The Shared Interface
// Shared interface — used by both the test project and the Revit add-in.
// Neither consumer needs to know whether Revit context is available.
public interface IRevitActionHandler
{
// Raised after the transaction commits
event Action OnExecuted;
// Execute actionInRvtContext inside a named Revit transaction (or directly in tests)
void RaiseEvent(string transactionName, Action actionInRvtContext);
}Test Project Implementation
Without a Revit process, the mock handler executes the action inline:
// Test project implementation — no Revit context required.
// RaiseEvent just executes the action directly, making the UI testable in plain WPF.

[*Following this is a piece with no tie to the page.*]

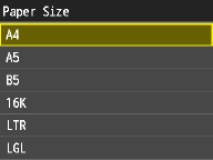 If the screen shown above is not displayed when paper is loadedIf you always load the same paper in the multi-purpose tray, you can skip the paper setting operations by registering the paper size and type as the default setting. When the default setting is registered, however, the screen shown above is not displayed. To display the screen, select <Off> for <Register Default Settings> (Registering Default Paper Settings for the Multi-Purpose Tray).

public class MokRevitActionHandler : IRevitActionHandler
{
public event Action OnExecuted;
public void RaiseEvent(string transactionName, Action actionInRvtContext)
{
actionInRvtContext();
OnExecuted?.Invoke();
}
}Add-in Implementation
The real handler delegates to ExternalEvent.Raise(), which queues execution for Revit's idle moment:
// Add-in implementation — wires the action into a Revit ExternalEvent.
// RevitExternalEvent.Raise() signals Revit to call Execute() at the next idle moment,
// which runs in the correct Revit API context.
public class RevitActionHandler : IRevitActionHandler
{
private SaveStateEventHandler SaveStateEventHandler { get; set; }
private ExternalEvent RevitExternalEvent { get; set; }
public event Action OnExecuted
{
add { if (SaveStateEventHandler != null) SaveStateEventHandler.OnExecuted += value; }
remove { if (SaveStateEventHandler != null) SaveStateEventHandler.OnExecuted -= value; }
}
public RevitActionHandler(Autodesk.Revit.DB.Document document)
{
SaveStateEventHandler = new SaveStateEventHandler(document);
RevitExternalEvent = ExternalEvent.Create(SaveStateEventHandler);
}
public void RaiseEvent(string transactionName, Action action)
{
SaveStateEventHandler.TransactAction = action;
SaveStateEventHandler.TransactionName = transactionName;
RevitExternalEvent.Raise();
// Revit will call SaveStateEventHandler.Execute() at next idle
}
}// The only class that directly touches Revit API context.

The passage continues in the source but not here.